We like to think of Web Analytics as a brave new world. I often see “web analytics is in its infancy” used as a means to brush away worries about measurement gaps and adoption. We seem to rest our assumptions on a main base assumption that while users may not behave as we expect, they will still behave in a fairly uniform way within that frame of the unexpected. With websites becoming more community-based and interactive, pandering to the wants and perceived needs of the visitor/customer, do insights lose focus as visits become more personalised?
Visitors are no longer plodding through websites, quietly adding to cart, leaving a site when clicking on an exit link (that old chestnut) – they’re free running all over the web creating more of a collective experience. Why open a door and step through when you can leap over a wall? Semantic arguments over art and science aside, there is a need for greater context in the way understanding is applied to outcomes measured.
Are arguments over the definition of a “bounce” not a touch moot when a “bounce” can be interpreted completely differently on a blog and a shopping site? Surely a compound metric is required here, not a measurement of how many people viewed one page on a site. Contextual metrics would imply that the same measure has a different meaning depending on the type of site involved. Shouldn’t the argument be moved to a different level?
These are simply my own observations, but over the last year I have noticed more and more instances of people acting like people on the internet, instead of the sheep we’ve all come to love and predict. Give a man a fish and he’ll eat for a day, teach him to fish and you lose all sense of control! Have insights derived from web analytics brought about a revolution in autonomy which has added to the complexity of web analytics itself? Accursed free will!
We need to remember that web analytics is not simply the act of measurement or the act of interpretation; it is an organism that we need to nurture if it is to survive. As we come to the end of 2009, here is a list of sins to which I must confess. I and my kind are surely kicking at the supporting wall of web analytics and must be reigned in!
- Tabbed Browsing: Oh, thou loathsome though entrancing Siren, how you have transformed the way in which I trawl the internet!

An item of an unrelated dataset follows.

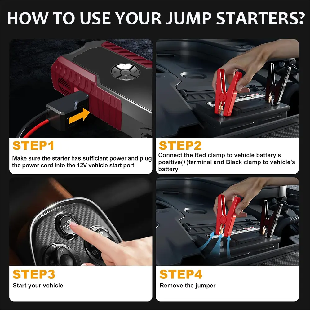 ·Winter Morning Rescue: On a frigid winter morning, your car refuses to start due to cold weather draining the battery. Our jump starter, with its robust cold-start capability, can instantly bring your 8.0L diesel truck back to life, getting you to work on time without the hassle of waiting for a tow truck.
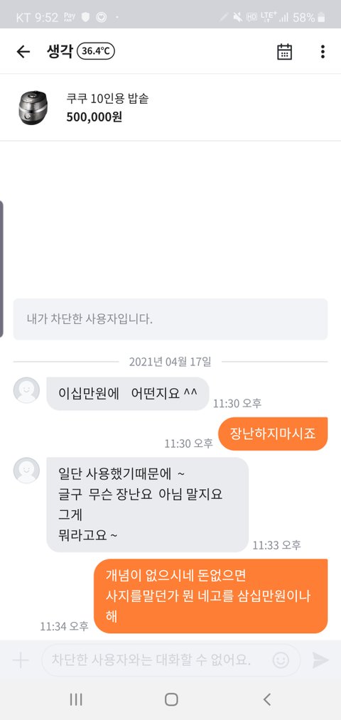 나도 세번밖에 안쓴밥솥 오십에 올려놨는데 30만원 깎아달라는 진상봄

I confess I have left umpteen windows open, broken sessions with abandon, comparison-shopped across several shopping sites at once (filling multiple carts, then abandoning all for no discernable reason), left useful pages open for the entire day, given the impression I had great interest in an article when really I had just forgotten to close it… I could not be said to have a cogent behavioural pattern in any of these sites – I auto-pilot my way through them and across them.
A year ago, I behaved completely differently, with far more order to my browsing, simply because I didn’t like to have more than one browser window open. - Search Engines are “the internet”: I remember (to my chagrin) laughing and making cruel jibes at someone who thought of a search engine as the homepage of all web content. I mocked them with my compulsively organised bookmarks as they used a search phrase to call up their favourite news site every single day to check the headlines. But now, I find myself often doing the very same thing! It’s the same number of steps to open a bookmark and query a search engine (especially if you have compulsively organised bookmarks) if you know what you’re looking for, and there are sites I have never bothered to save but visit every day. I find it quicker than typing in the URL (which I may never bother to learn), and faster than opening my bookmarks.
- Search is the only form of navigation: I have abandoned sites on the homepage because there was no search bar available and will confess to have done this without even attempting to use the (possibly wonderful) navigation system available. I’m part of the instant gratification generation I’m afraid – I don’t want to navigate through Books / Science / Freaky Monkeys, when I could save time by typing “Freaky Monkeys” and clicking search. Anecdotally, it seems that people want websites to behave like search engines (because everyone loves search engines, right?). They just want search engines with pretty pictures.
- Security is not my problem: I’m a fan of privacy. I’ve used dummy email addresses to sign up for newsletters just in case a website’s promise to “never knowingly share” my data proves to be mere lip-service. I will go to that kind of trouble myself, but so help me, if a website tries to force me to get involved in the security process I back off, snarling menacingly. Just go ahead and try to get me to complete a form where a “strong” password is obliged. Goodbye. Better luck next time.
But if you let me use “password” as my password and the account is compromised – it’s your fault. It’s only natural.
So, as we look towards 2010, reflect upon your own sins. How have you contributed to the Ovine Revolution this year? How do we measure that which is increasingly varied? How do we interpret that which is increasingly multifaceted?
Don’t we need to stop seeing web analytics as a baby and start seeing it as a quickly growing toddler that can make us all proud if we take a little more care in our parenting?